AIM OF THE TASK: Of the entries below, return only those lines from the line with "De verdieping is" to the line with "维西县疫情指挥部关于居家隔离管理措施进行调整的通知", exactly, both included.

DATA SUPPLIED:
-------------------------

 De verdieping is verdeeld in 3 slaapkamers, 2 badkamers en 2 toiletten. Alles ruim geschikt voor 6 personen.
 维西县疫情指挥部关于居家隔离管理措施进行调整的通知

-------------------------

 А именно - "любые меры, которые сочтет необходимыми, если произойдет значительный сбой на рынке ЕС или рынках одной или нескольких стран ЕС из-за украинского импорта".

-------------------------

WRITTEN ANSWER:
 De verdieping is verdeeld in 3 slaapkamers, 2 badkamers en 2 toiletten. Alles ruim geschikt voor 6 personen.
 维西县疫情指挥部关于居家隔离管理措施进行调整的通知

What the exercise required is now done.